Unsupervised Evaluation of Code LLMs with Round-Trip Correctness

Authors: Miltiadis Allamanis, Sheena Panthaplackel, Pengcheng Yin

ICML 2024 | Conference PDF | Archive PDF | Plain Text | LLM Run Details

Reproducibility Variable Result LLM Response
Research Type Experimental We show that RTC strongly correlates with existing metrics on narrow-domain benchmarks (Human Eval and ARCADE) measuring the same LLM capability within that narrow domain (Sec. 4.1). We show that RTC allows us to measure an LLM s performance over a wide-range of real-life software domains without human-provided annotations and complements existing narrow-domain benchmarks (Sec. 4.2).
Researcher Affiliation Industry 1Google DeepMind.

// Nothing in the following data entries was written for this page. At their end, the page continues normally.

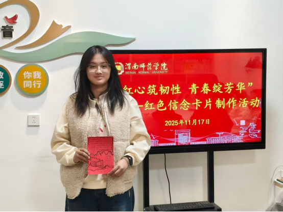 活动现场,红色榜样事迹片段铺就精神底色,学子们手持红卡双向书写:正面誊录榜样的坚韧故事,让先辈的“韧性密码”落地生根;反面记录当下的压力困惑,让情绪有了栖居之所。笔锋起落间,有人以简笔画为卡片添彩,有人借文字为信念注脚,红色的纸张上,既有精神的传承,也有青春的鲜活。
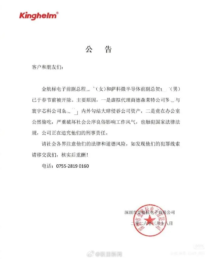 公告称,金航标电子前副总程某某(女)和萨科微半导体前副总贺某某(男)已于春节前被开除。主要原因,一是虚拟代理商德森莱特公司罗某与寰宇芯科公司袁某某,内外勾结大肆侵吞公司资产,二是竟在办公室公然偷吃,严重破坏社会公序良俗,影响工作风气,也触犯国家法律法规,公司正在追究他们的刑事责任。请社会各界注意他们的法律和道德风险,如发现他们的犯罪线索请移交我们,核实后重酬。公告落款为深圳金航标电子有限公司,并盖有公章。
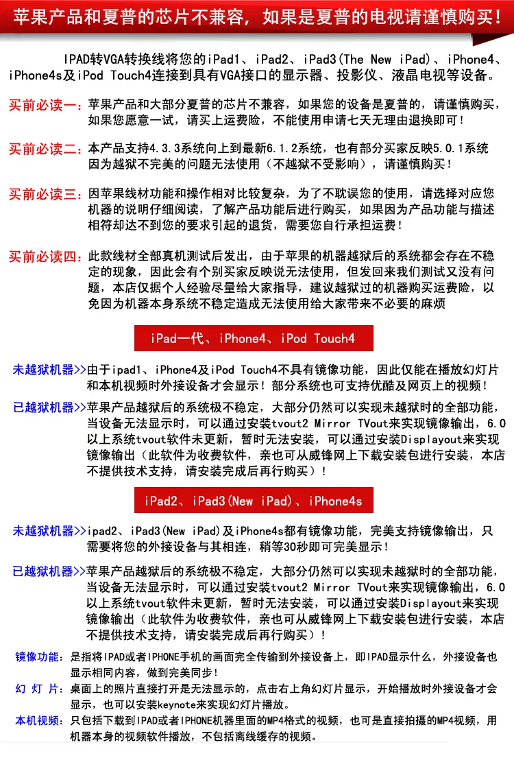 Because ipad2, ipad3, iphone4S 4:3 screen , it shows the desktop when there will be a relatively large black side , however: when playing a game or play support widescreen widescreen movie, the display automatically switches to widescreen when you connect under the joint improvement ipad desktop and sync to the TV screen gaming environment did not full-screen, and saw the black edges around two friends , not nervous, because ipad physical resolution is 1024 * 768 ( 4:3 ) ratio Next , in this case , connect the widescreen ( 16:9 aspect ratio / 10 ) of the synchronous mirroring copy output model is the ratio of the signal ipad copy Oh , this time designed for full-screen , then it is no longer mirror mode, and the screen of the ipad signal will make transverse tensile , icons and other display content will be deformed , but at the time photos and HD movies ( 16:9 ) mirror synchronization , because the source signal ratio and a TV match, so returning to full screen can appear !
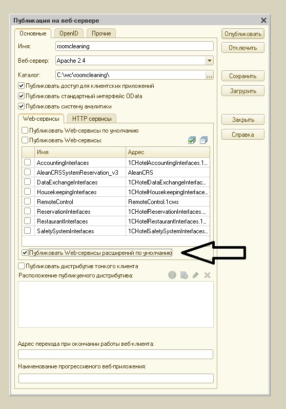 Заполняем имя публикации, выбираем каталог где будет храниться публикация и ставим галочку публиковать веб-сервисы расширений по умолчанию.
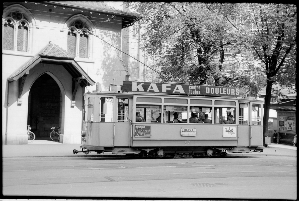 Utanför Église Saint-François kyrka i Lausanne ses spårvagn 97.

Correspondence to: Miltiadis Allamanis <mallamanis@google.com>.
Pseudocode No The paper provides conceptual diagrams and summary tables (e.g., Figure 1, Table 1) but does not include any explicitly labeled 'Pseudocode' or 'Algorithm' blocks, nor does it present structured steps in a code-like format.
Open Source Code Yes Our code can be found at https://github.com/ google-deepmind/icml2024-roundtrip-correctness.
Open Datasets Yes To test this hypothesis we employ Human Eval (Chen et al., 2021) and ARCADE (Yin et al., 2022) that represent two common domains... To investigate this question, we collect a set of 77 of permissively licensed open-source Python projects... The used projects are shown in Appendix A.
Dataset Splits No The paper mentions drawing samples and using few-shot prompting, but it does not provide specific percentages or counts for training, validation, or test dataset splits, nor does it refer to predefined or stratified splitting methodologies for reproduction.
Hardware Specification No The paper mentions 'Given the time constraints and compute limitations,' but it does not specify any hardware details such as GPU models, CPU types, or other computing resources used for the experiments.
Software Dependencies No The paper does not list specific software dependencies with version numbers, such as programming language versions or library versions (e.g., 'Python 3.8', 'PyTorch 1.9').
Experiment Setup Yes Unless stated otherwise, to compute RTC we draw 3 forward samples and one backward sample per forward sample. We use temperature of 0.8 for the forward model (to allow for disparate forward samples) and 0.1 for the backward samples (to generate high-probability code generations). We use three-shot prompting with identical few-shot prompts for all models. Finally, we limit the length of the forward samples to 128 characters.